EXERCISE
An exact copy of the lines from the start of the material below through the line containing "Đầu tiên, bạn" is the required answer, and it includes no pictures.

RAW DATA
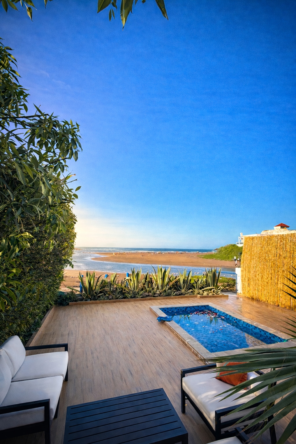 Jolie petite villa bord de mer – Maison lumineuse à Mohammedia, face à la plage Offrez-vous une parenthèse de calme dans cette jolie villa à l’esprit minimaliste et au charme naturel. Un lieu idéal pour ralentir, respirer et profiter de l’essentiel, au rythme des vagues. La maison bénéficie d’un accès direct à la plage de Manesmann et se situe dans un lotissement calme et sécurisé, à seulement 3 minutes en voiture du centre de Mohammedia.
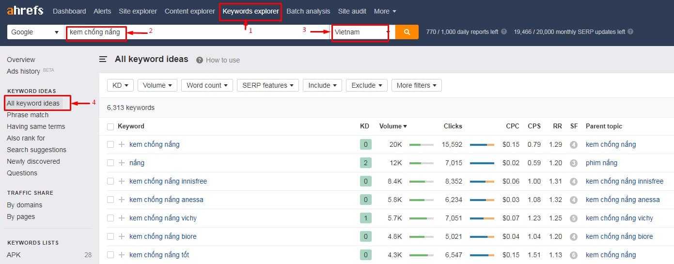 Đầu tiên, bạn truy cập vào Ahrefs, bấm Keyword Explorer, sau đó nhập từ khóa bạn cần tìm kiếm, chọn quốc gia Vietnam, rồi chọn All keyword ideas để xem toàn bộ từ khóa có liên quan.
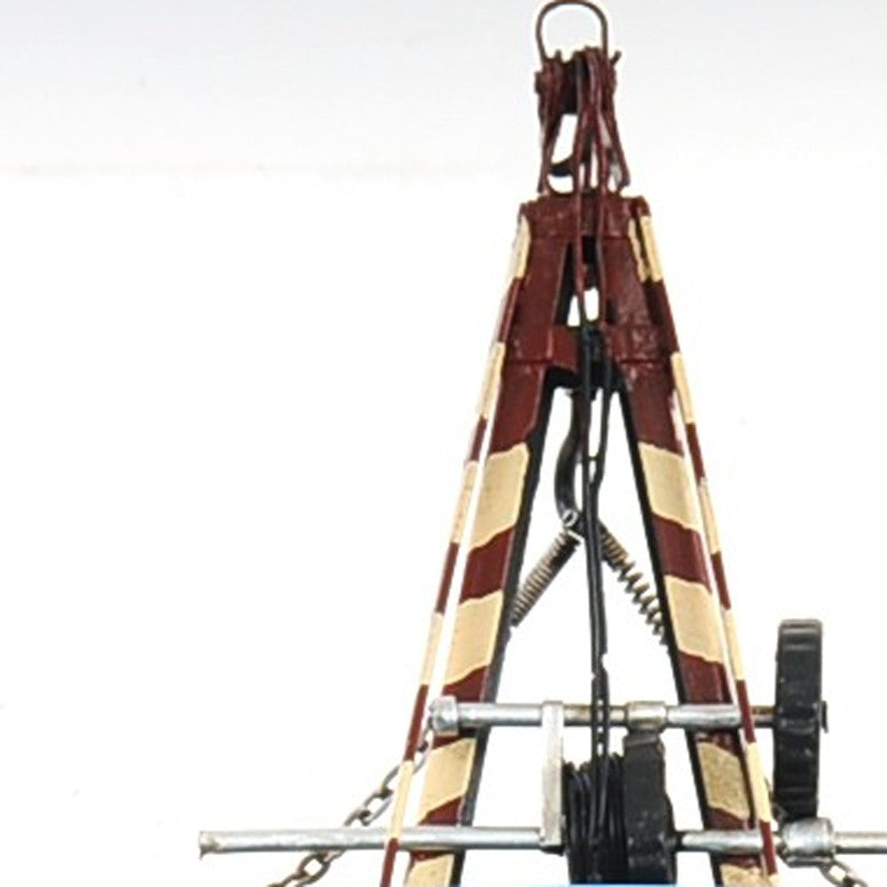 Add some striking desk or shelf décor to your space with this c1931 Ford Model A Tow Truck Sculpture. This Model T replica is an antiqued blue, red, and black colorways while the rolling wheel spokes are mustard, giving this sculpture a decorative twist. Designed to be an authentic looking replica, this unique vintage model is a piece of art that comes complete with rolling wheels with spokes, dashboard details, seats, steerling wheel, insignia on door, and moving chains on the life-like crane in the back. With a scale of 1:12, this cool orignal car replica is designed to be enjoyed by car enthusiasts and Ford history buffs. 7" x 11.5" x 5.5
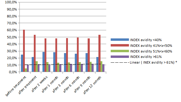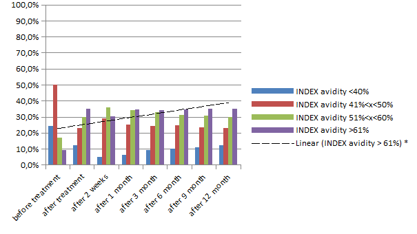 Figure 8. Change of index avidity IgG in a second treatment group (Valtrex + Ferrovir® + 15 mg / ml).
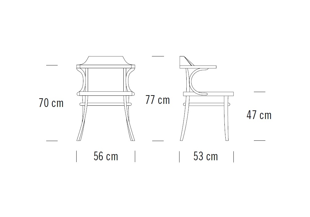 233 P conçue par Gebrüder Thonet pour Thonet est une chaise avec accoudoirs en bois courbé. Assise rembourrée avec revêtement en tissu, cuir ou cuir. Structure en hêtre, disponible en différentes finitions.
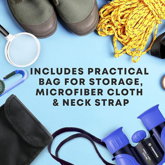 - ADVENTURE ACCESSORIES: These exciting binoculars come with a real compass and magnifying glass to encourage small kids to have adventures; Includes a practical cloth bag for storage, a microfiber cloth to clean the glasses, and a neck strap to secure the binoculars

REPLY TO THE EXERCISE
 Jolie petite villa bord de mer – Maison lumineuse à Mohammedia, face à la plage Offrez-vous une parenthèse de calme dans cette jolie villa à l’esprit minimaliste et au charme naturel. Un lieu idéal pour ralentir, respirer et profiter de l’essentiel, au rythme des vagues. La maison bénéficie d’un accès direct à la plage de Manesmann et se situe dans un lotissement calme et sécurisé, à seulement 3 minutes en voiture du centre de Mohammedia.
 Đầu tiên, bạn truy cập vào Ahrefs, bấm Keyword Explorer, sau đó nhập từ khóa bạn cần tìm kiếm, chọn quốc gia Vietnam, rồi chọn All keyword ideas để xem toàn bộ từ khóa có liên quan.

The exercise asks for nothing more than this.